A sharp intake of breath. My peripheral vision catches the first flail of the loose rope, then the sudden grab and snatch as her hand is yanked upwards. We stand our bells and wait in silence for the tower captain to seize back control of the escaped number three. She hovers sheepishly to one side; I know her knees must be trembling. Turning to meet her wide eyes, my instinct was to reach across, place a firm hand on her shoulder and squeeze.
That was last week at bell practice, where a novice ringer got her first unpleasant taste of ‘missing the sally’, a potential catastrophe that lurks, even now, at the back of my thoughts as I pull on the bell rope at the beginning of each peal. Suddenly, a worry about ‘touch’ joins up with another about ‘Consent’ and they have a little party in my head.

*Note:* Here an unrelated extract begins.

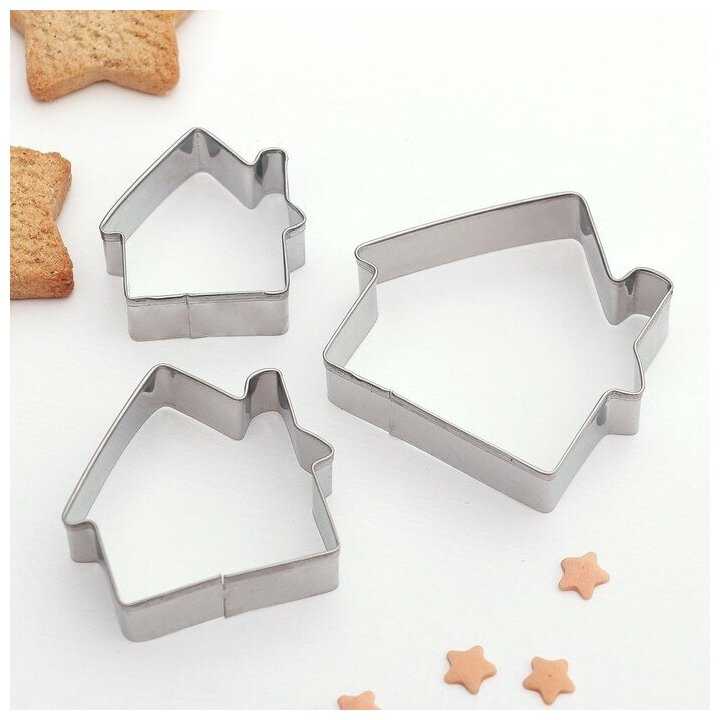 Доляна Набор форм для вырезания печенья 3 шт Дом 6x5,5 см

It’s fine. As it happens, she wasn’t triggered by my reassuring gesture and I’m not writing from a cell, but since the whys and wherefores of physical interaction between us have come under increasingly close scrutiny, and while I’m quite comfortable with being a tactile person, I would be mortified if anyone thought of me as ‘handsy’. I’m a little baffled about what kind of touch is permitted these days, and what is considered an infringement of civil liberty. Accepted social behaviours have taken a meandering path in the past five decades of my lifetime, steered in no small part by a meddling modern media. If you believe all you see and read it would be safe to assume that all physical contact between two humans is likely to be entirely motivated by a base carnal instinct and unbridled sexual desire. Touch has become a dirty word. While tech companies fine tune a growing fleet of silicone sex bots, trillions of free online pornography web pages are uploaded every day, and social media heaves with bondage-clad twerking celebs, we are in turn becoming ever more buttoned-up about real-life, wholesome human encounters.

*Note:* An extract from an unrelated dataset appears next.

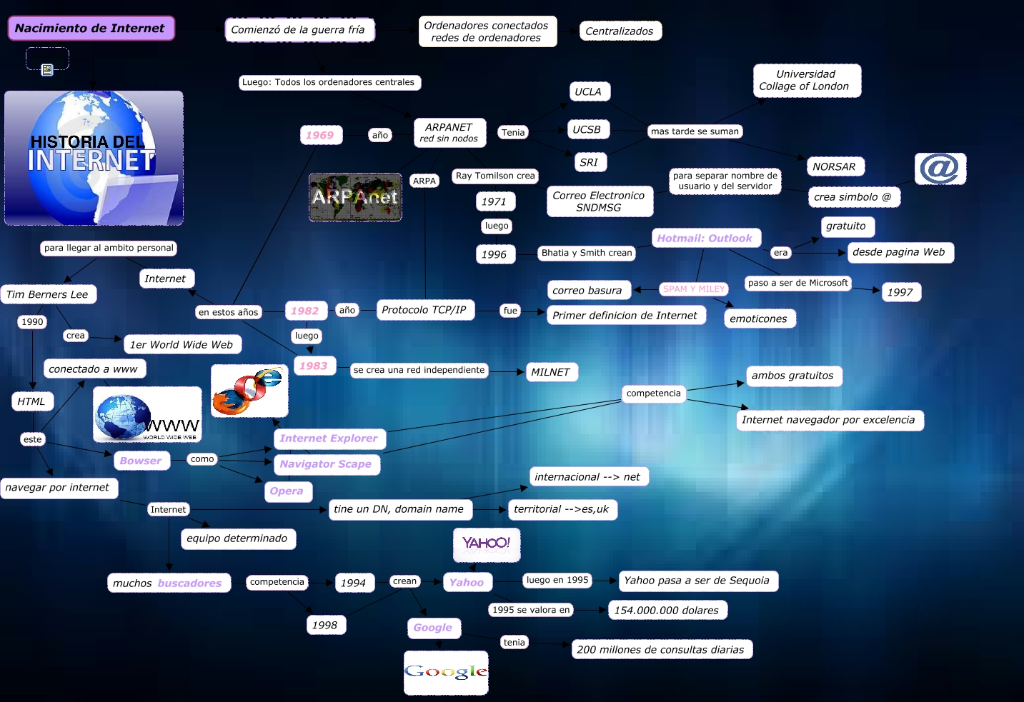Este Cmap, tiene información relacionada con: Historia de Internet por Cathe, HTML este navegar por internet, muchos buscadores competencia 1998, Hotmail: Outlook era gratuito, Bowser como Internet Explorer, Nacimiento de Internet ???? ????, Yahoo luego en 1995 Yahoo pasa a ser de Sequoia, Yahoo ???? ????, tine un DN, domain name puede ser territorial -->es,uk, Protocolo TCP/IP fue Primer definicion de Internet, Comienzó de la guerra fría Luego: Todos los ordenadores centrales ARPANET red sin nodos, Google tenia 200 millones de consultas diarias, Navigator Scape competencia ambos gratuitos, navegar por internet Internet muchos buscadores, SRI mas tarde se suman Universidad Collage of London, Bowser como Navigator Scape, tine un DN, domain name puede ser internacional --> net, Hotmail: Outlook SPAM Y MILEY correo basura, Internet Explorer ???? ????, muchos buscadores competencia 1994, 1994 crean Google

As seven year olds at my 1970’s village school we knew that if you had a bothersome wobbly tooth, you would be sent to see Mrs Headon. She was a mother hen, a sweet little Welsh lady who like a ninja, would take your head in her hands and, in the blink of an eye, whip out the offending gnasher, without even so much as a signed consent form or medical grade latex glove in sight. Then she’d gently pat your bottom back to its wooden seat. Innocent times.
Meanwhile, in the dark corners, pervs, creeps and wierdos everywhere were busy spoiling it for the rest of us. Taking advantage of the vestigial Victorian notion that children, and women, should be seen and not heard, they swelled a tide of destructive twisted ‘norms’ and things got steadily more complicated.
On a geography field trip to Italy in 1987 I had my lady-garden grabbed by a strange man on a busy Rome street, and thought almost nothing of it. (It’s just an Italian thing…?) But back in the UK, people were at last starting to cotton on to the fact that the likes of Jimmy Saville were, to say the least, a bit iffy.
By the time I finished my A Levels, teaching staff in schools had become terrified of getting too close to us, and not just because of the B.O. Kids found new superpowers, legal rights, helped in part by the founding of the Children’s Rights Alliance. We had become ‘untouchable’ and we knew it.
The welcome crackdown on child abuse was timely, but there followed a surreal period when many schools and childcare institutions made it forbidden for their staff to touch a child, even when they needed comforting or restraining. Skinned knees were the responsibility of the owners to self-administer Savlon and plasters, and a maternal hug from a bosomy dinner lady was strictly out of the question.
Suddenly teaching staff faced the very real and career-dissolving prospect of a false sexual abuse accusation. The number of male teachers in schools began to plummet, and a wary distance grew between child and professional. At the same time complicated codes of conduct between colleagues were being legislated everywhere. I was employed seasonally to work as a Visitor Host in a shiny new ‘Historium’ in Dover’s market square and how we girls laughed at the management memo advising male staff, among other things, to refrain from touching their belts too much, in case it was misconstrued as sexual harassment.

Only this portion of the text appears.